To understand the importance of colour rendering, we first need to understand how we see colour.

When we look at an object, the colour that we perceive it to be depends on two things:

  1. The colour of the object itself (the car, food, painting or book, for example)
  2. The colour rendering ability of the light that is hitting the object.

The object will only reflect the wavelength (colour) of light that is the same colour as the object itself. For example, red surfaces will only reflect red – the other colours in the light are absorbed by the surface, so the only light that our eyes receive is red and so our brain recognises that the object is red.

White surfaces will reflect all wavelengths of light.

Black surfaces will absorb all wavelengths, and reflect none.

This is a chart showing the colours that would be reflected from a green apple, and from a strawberry:

Notice that both objects reflect the infra red at the right hand side of the chart

Because of how we see colour, for a light source to be able to render the colour of an object – that colour must be in the light source. If the light source has colours missing, or at very low levels, then objects won’t be able to reflect that wavelength, and so the colours of the objects you are looking at will appear dull, muted and of low saturation.

Traditional low pressure sodium streetlights are a very visible example of this. Because there is no other wavelength of light apart from orange in the source, if you see a blue, green or red car under those conditions, then all those cars would look a murky brown colour. White cars look slightly orange, as do yellow cars.

These streetlights have a low colour rendering index – they do not show colours anywhere near how they would be viewed under daylight conditions because they only give out orange light. Streetlights are being changed over to LED sources across the country, and the difference in how the two light sources render colour is shown nicely in images like these:

This is a very visual example, but there are other light sources which may appear white, but might have low levels of certain wavelengths in, which could affect how we perceive certain colours. If you have read the article about How LED’s Work, that explains that LEDs create blue light and pass this through a phosphor to spread the energy throughout the visible spectrum. The LED and phosphor have to work in tandem to ensure that the visible wavelengths are created correctly to ensure sufficient quality of light throughout the entire visible spectrum.

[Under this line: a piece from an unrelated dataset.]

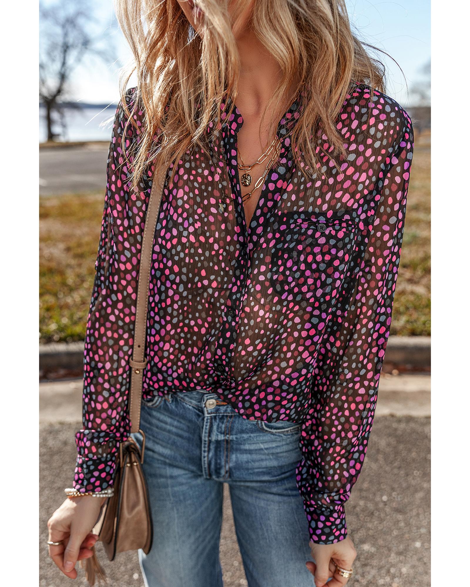 Grape Wine Polka Dot Printed Buttoned Casual Shirt – S

What is the Colour Rendering Index?

To rate the quality of light, and compare the quality of light between sources, the Colour Rendering Index (CRI) was created. The Colour Rendering Index shows the ability of a light source to accurately represent the colour of an object in relation to daylight. The “Commission Internationale de l’éclairage” (CIE) introduced colour rendering and used the colours below as the test palette. If the source under test renders the colour identically to how daylight renders it, then it will have a CRI value of 100 for that colour.

The results of the first 8 colours are averaged, to give the Colour Rendering Index, or Ra value. The remaining 7 colours are known as the “Extended CRI” these are used very infrequently.

You notice that the first 8 colours are all pastel shades, and not strong, saturated colours like some of the extended CRI colours. Because of this there are arguments that CRI is not an accurate way to represent a light sources colour rendering ability, and so alternative methods have been proposed, such as TM30, which we will cover in a later post.

For general office illumination, BS EN12464-1-2021 specifies a colour rendering index for luminaires to be Ra > 80.

In other projects, the level of required colour rendering may vary depending on the area that is being worked on. An art gallery would require a higher colour rendering index than car park for example, so that the art works can be shown in the most accurate way.